Pumpelly all the way from Dublin Lake is an *awesome* hike. You start out with woods walking, old stone walls, a real New England feel. Then up the ridge, not a lot of up and down (just a few 20' "holes" that you dip through), then an open approach up the spine of the ridge to the summit proper. I have a full set of photos of this trip from May 1 several years ago here. 

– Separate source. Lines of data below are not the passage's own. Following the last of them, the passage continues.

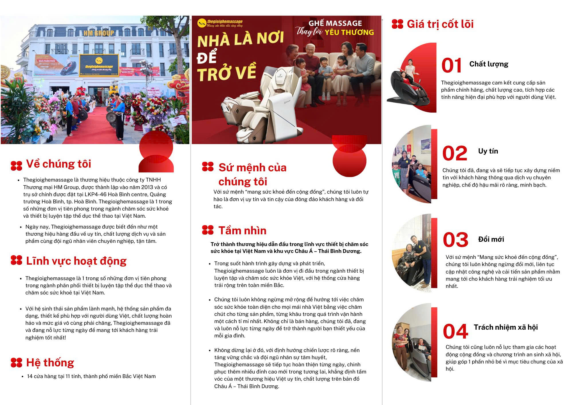 Thành lập năm 2013, HM Group - hay còn được biết đến rộng rãi với cái tên Thegioighemassage - khởi đầu với khát vọng trở thành doanh nghiệp tiên phong trong lĩnh vực chăm sóc sức khỏe tại Việt Nam. Trải qua 12 năm phát triển không ngừng, từ một công ty trẻ với tầm nhìn táo bạo, HM Group đã từng bước vươn mình trở thành một trong những thương hiệu dẫn đầu trong lĩnh vực phân phối ghế massage, thiết bị thể thao và chăm sóc sức khỏe toàn diện. Dấu ấn người dẫn lối – CEO Lê Văn Mạnh Đứng sau sự phát triển bền vững của HM Group là ông Lê Văn Mạnh, nhà sáng lập kiêm Tổng Giám đốc công ty. Với tinh thần tiên phong, tư duy đổi mới và tâm huyết với sứ mệnh chăm sóc sức khỏe cộng đồng, ông đã dẫn dắt HM Group vượt qua nhiều thử thách, mở rộng quy mô, nâng tầm sản phẩm và dịch vụ. “Chúng tôi không đơn thuần kinh doanh sản phẩm, mà mang đến giải pháp toàn diện giúp người Việt sống khỏe hơn, hạnh phúc hơn mỗi ngày.” – Ông Lê Văn Mạnh, CEO HM Group. Hành trình phát triển ấn tượng 2013 – Thành lập HM Group. 2015 – 2020 – Mở rộng hệ thống showroom trên toàn miền Băc. 2022 – Hợp tác chiến lược với các thương hiệu đi đầu trong nước và quốc tế. 2024 – Ra mắt thương hiệu ghế massage IKIGAI. 2025 – Tiếp tục mở rộng hệ sinh thái, chuyển đổi số toàn diện. IKIGAI – Bản sắc mới của sự tinh tế và công nghệ Ra mắt vào năm 2024, IKIGAI là thương hiệu ghế massage cao cấp do chính HM Group phát triển. Lấy cảm hứng từ triết lý sống "Ikigai" của người Nhật – sống có mục đích, có giá trị – dòng sản phẩm IKIGAI hội tụ sự tinh tế trong thiết kế, tối ưu trong công năng và đột phá trong công nghệ chăm sóc sức khỏe. Sứ mệnh & Tầm nhìn: Mang sức khỏe đến cộng đồng Với phương châm “Nơi sức khỏe khởi nguồn cho hạnh phúc”, HM Group không ngừng đổi mới, lấy khách hàng làm trung tâm và cam kết mang đến những sản phẩm, dịch vụ chất lượng cao nhất. Chính trực trong kinh doanh Tiên phong trong công nghệ Tận tâm với khách hàng Phát triển bền vững vì cộng đồng Nhìn lại chặng đường 12 năm, HM Group tự hào vì đã góp phần thay đổi nhận thức về chăm sóc sức khỏe chủ động trong cộng đồng. Sự tin tưởng của khách hàng và đối tác chính là động lực để chúng tôi không ngừng phát triển, giữ vững vị thế tiên phong và chinh phục những cột mốc mới. HM Group – 12 năm một hành trình, cả đời một sứ mệnh - Mang sức khoẻ đến cộng đồng!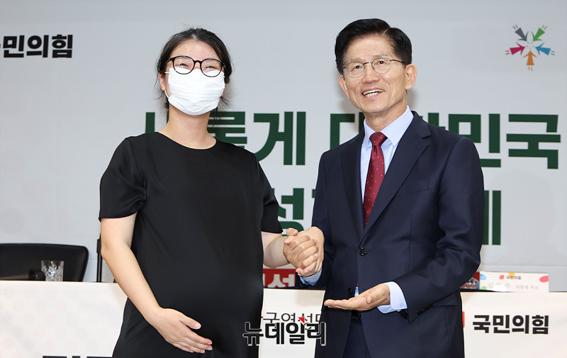 [포토] 임산부와 기념촬영하는 김문수 후보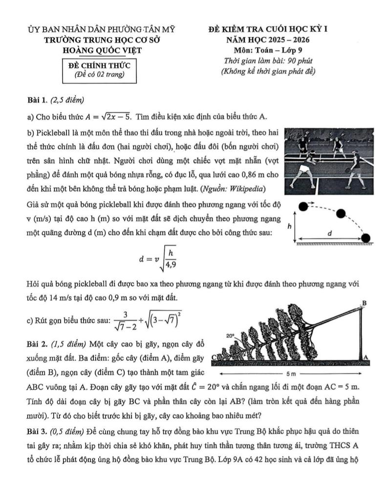 Trích dẫn Đề cuối học kỳ 1 Toán 9 năm 2025 – 2026 trường THCS Hoàng Quốc Việt – TP HCM: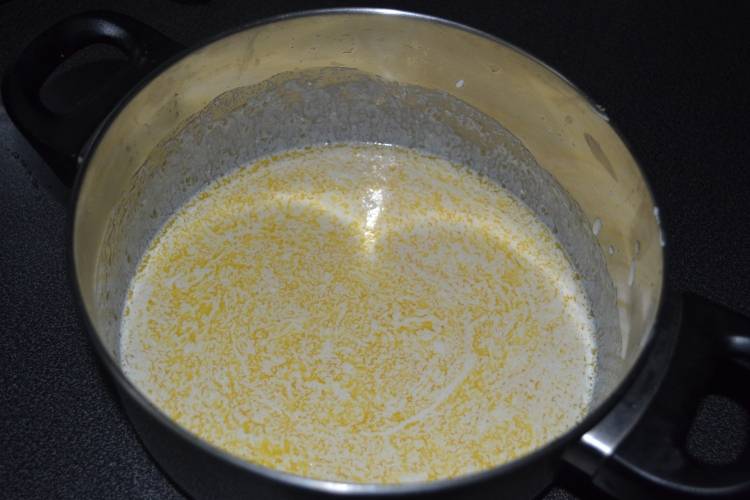 3. Масло надо немного остудить, а затем соединить с кефирно-сметанной смесью.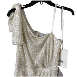 Sculpted one-shoulder evening gown in an ivory, pearl-toned palette with allover beaded embellishment and a dramatic thigh-high slit. The silhouette is sleek and elongating, fitted through the bodice with a straight column skirt that moves cleanly on the body. Modern glam with just enough bridal-adjacent elegance to work for formal events, galas, receptions, or non-traditional wedding looks. High-impact without being overdone. Brand new with original tags.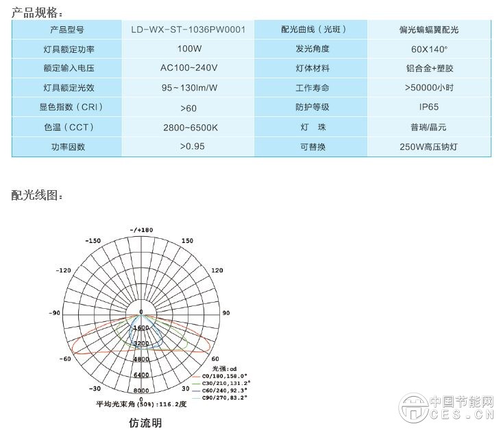 4.偏光蝙蝠翼配光,光利用率高,更適合道路照明光學(xué)要求比,比高壓鈉燈節(jié)能60%以上;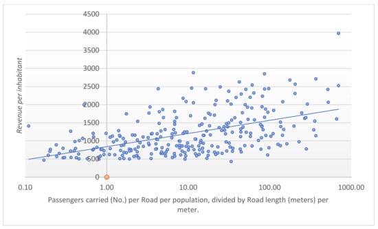 The scatter plot in Figure 4 provides insights into the relationship between transportation efficiency, population density, and municipal revenue per inhabitant across Portuguese municipalities. The observed distribution suggests that municipalities with higher levels of transportation efficiency, as indicated by the ratio of passengers carried by road per unit population to road length per unit area, tend to have higher levels of municipal revenue per inhabitant. This implies that more efficient road transportation infrastructure is associated with a greater financial performance and resource utilization efficiency of local governments. The scatter plot also demonstrates the variability in this relationship, with some municipalities exhibiting a higher transportation efficiency, but a lower municipal revenue per inhabitant, and vice versa. This suggests that other factors, such as socioeconomic characteristics, investment patterns, and governance structures, may also play a significant role in determining the overall financial performance of local governments.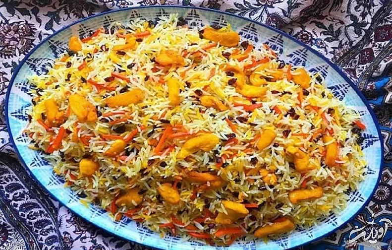 طرز تهیه پلو مخلوط با قلقلی مرغ و بادمجان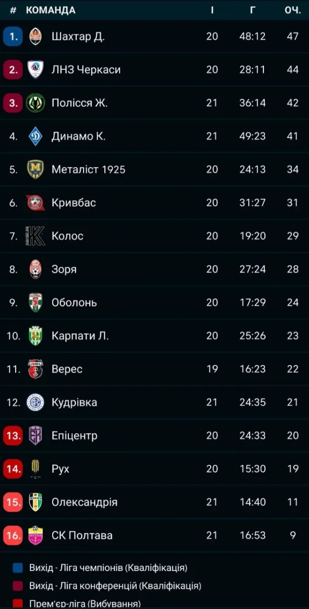 - Харків'яни займають п'яте місце турнірної таблиці УПЛ, відстаючи від четвертого Динамо на сім очок, тоді як СК Полтава залишається останньою з дев'ятьма балами.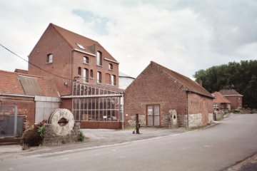 La roue a disparu. Une annexe est établie en bordure de la voirie. Quatre meules ont été préservées et érigées en décoration à l'extérieur (de part et d'autre des accès qui s'ouvrent de chaque côté de l'annexe).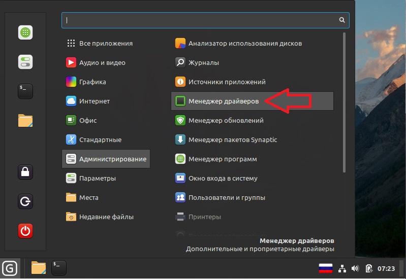 Для установки драйверов в Green Linux переходим в меню Пуск. В разделе Администрирование, есть утилита Менеджер драйверов.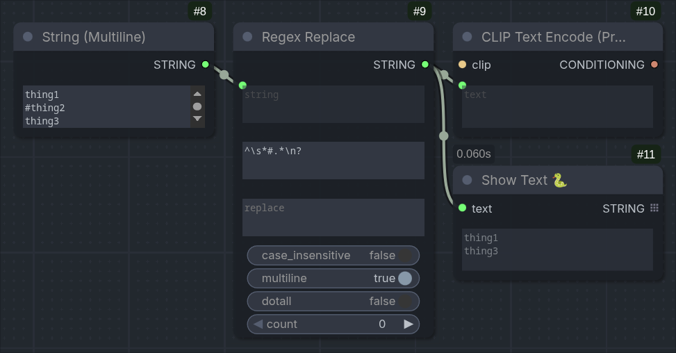 >>108592142I used to use the styles selector node from comfyui-easy-use, but it broke so I made my own prompt node (that now needs to be reworked for anima). >>108592152 is an easy way to do it if you don't want to rely on a node pack.You can use comments pretty easily with a regex replace node. You can turn this into a subgraph with a clip input and conditioning output and it'll function just like a normal clip text encode node.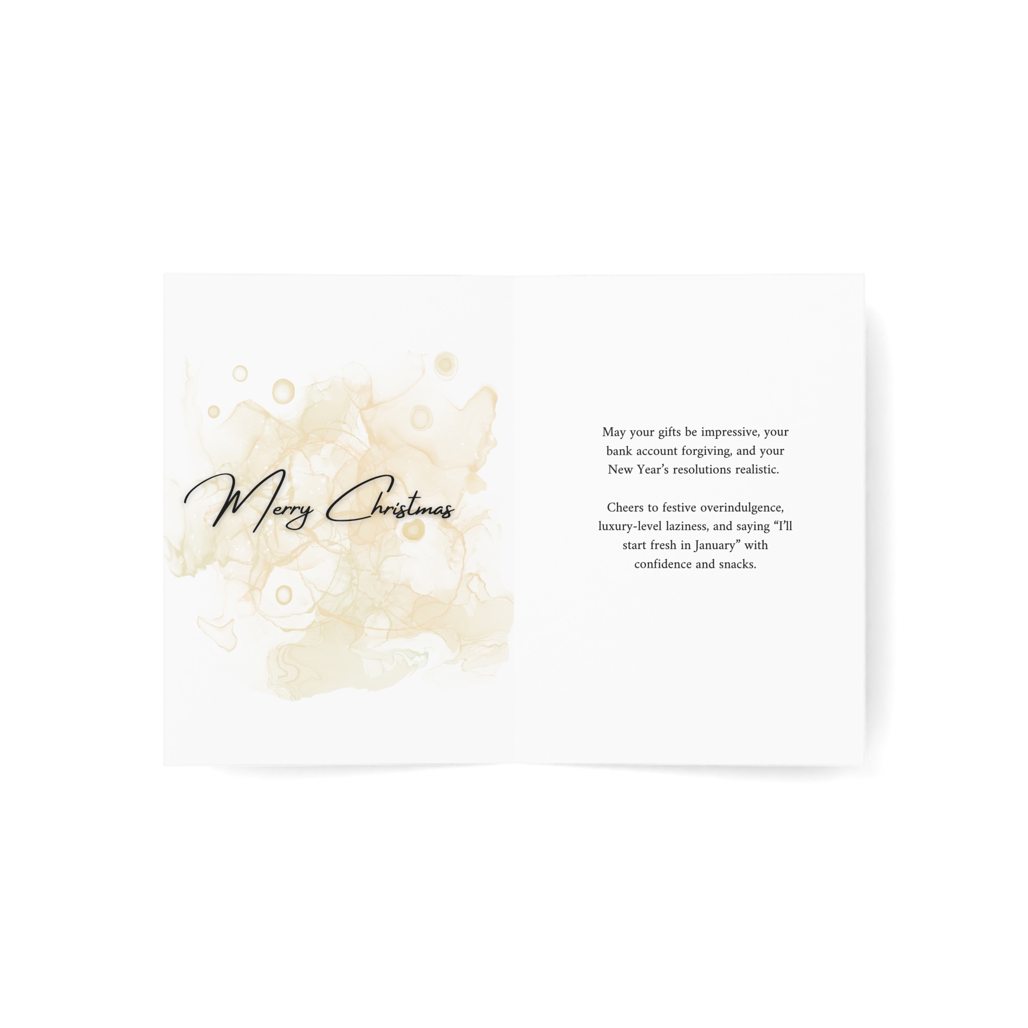 A witty and elegant Christmas card featuring a champagne glass with a Santa hat surrounded by golden stars and sparkles on a sophisticated watercolor background. The playful message "Have Yourself a Very Expensive Christmas" humorously acknowledges the reality of impressive gifts, forgiving bank accounts, and realistic New Year's resolutions. Perfect for adults who embrace festive overindulgence, luxury-level laziness, and confidently declare they'll start fresh in January—snacks in hand.

The only catch is that you have to park along the edge of the road. After you locate the trailhead, too, which can require observance.


----------



## Max (Oct 15, 2004)

coreybyrnes said:
			
		

> i've decided to take the birchtoft, cascade, spellman, pumpelly route to the summit of monadnock... since getting some pictures of the foliage is my priority on this hike,



You've picked a good route.  From someone who has climbed Monadnock literally hundreds of times, I'll tell you that the Birchtoft and lower section of Cascade Link and Spellman trails should be great for foliage pics, as well as a lot less traveled that the standard route from the state park and up the White Dot or White Cross trails.  Then there is great scrambling on the Spellman ledges and some wonderful pics from that perspective too.  Once on the Upper section of the Pumpelly, the next rolling 1/2 mile is great and finally you'll join the summit crowds.  For a different route down, go back down the Pumpelly and take the Red Spot trail.  It will come out on the Cascade Link, just a few yards above the juction with the Birchtoft.


----------



## coreybyrnes (Oct 18, 2004)

michael - great pics! thanks for posting... i just bought a new camera last week (canon 10d) so i brought that along... i got some interesting shots... it was a really overcast day so i would have hoped for a little more light to really show off the foliage, but it was a great hike... i took a buddy who had never hiked before and he really loved the trip... we ended up taking birchtoft, cascade, red spot, pumpelly... we were going to take spellman but somehow missed it and took red spot... it was an interesting route because of all the rain they had friday... red spot was basically a waterfall that we had to hike up... made for a very interesting and at some points sketchy hike... it was freezing and very windy on the summit... another hike told me it was 20 with 40 mph winds... i would believe it... thanks all for the advice...


----------